Ainsi, les différences de traitement en raison du sexe doivent être justifiées par la nature de la tâche à accomplir, répondre à une exigence professionnelle véritable et déterminante et être proportionnées au but recherché. Elles doivent ainsi renvoyer à une exigence objectivement dictée par la nature ou les conditions d’exercice de l’activité professionnelle en cause.

Les juges de la Haute juridiction en déduisent que « l’interdiction faite à l’intéressé de porter une coiffure, pourtant autorisée par le même référentiel pour le personnel féminin, caractérisait une discrimination directement fondée sur l’apparence physique en lien avec le sexe ».

Selon le communiqué de la Cour de cassation, c’est l’uniforme qui permet aux clients d’identifier le personnel navigant.

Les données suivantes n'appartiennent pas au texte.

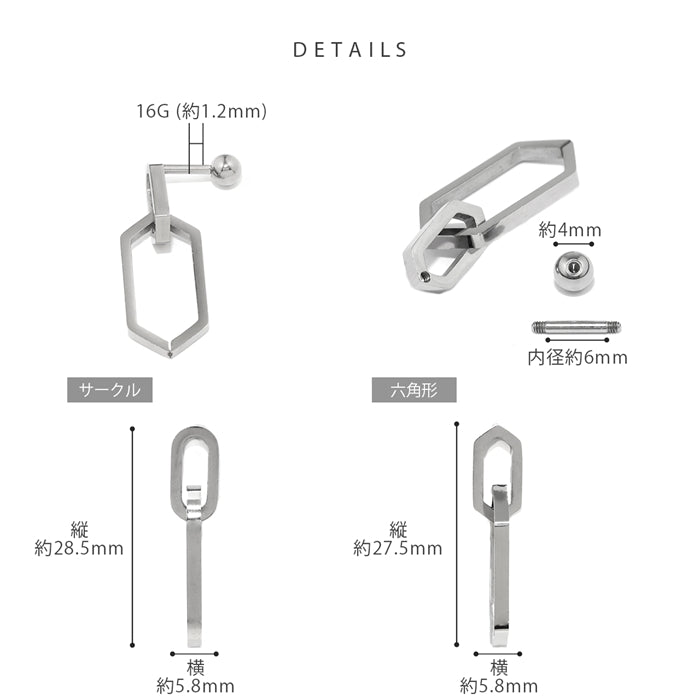 t1141-0047 軟骨ピアス 16G ボディピアス シンプル 六角形 サークル ピアス 片耳用 シンプル 金属アレルギー対応 かっこいい

Contrairement à un chapeau, dont le port peut être imposé et qui contribue à cette identification, la manière de se coiffer n’est ni une partie de l’uniforme ni son prolongement.
Dans le cadre de cette profession, il n’est donc pas possible d’interdire aux hommes une coiffure autorisée aux femmes.

ECLAIRAGE

Cette décision va au-delà du choix de la coiffure dans les compagnies aériennes. Elle interroge sur la différence de coiffure imposée par l’employeur en fonction du sexe. Si la différence d’uniforme se justifie, il en est autrement de la coiffure.

Dans son communiqué, elle précise que les codes sociaux ne sont pas des critères objectifs qui justifient une différence de traitement entre les hommes et les femmes. La prise en compte d’une perception sociale courante de l’apparence physique des genres masculin et féminin n’est donc pas une exigence objective nécessaire à l’exercice des fonctions de steward.

La Cour de cassation nous rappelle, que face à une restriction d’une liberté, telle que le choix de la coiffure, il convient toujours de s’interroger sur l’objectivité de la mesure. Toutes différences de traitement en raison du sexe doivent être justifiées par la nature de la tâche à accomplir, répondre à une exigence professionnelle véritable et déterminante et être proportionnées au but recherché et ce, au-delà de tout préjugé, de tous codes sociaux, de toute perception sociale.

L’égalité prime donc sur les codes sociaux vestimentaires...

Auteur Sophie Riollet, juriste, Pôle service juridique du Secteur Juridique National de l’UNSA.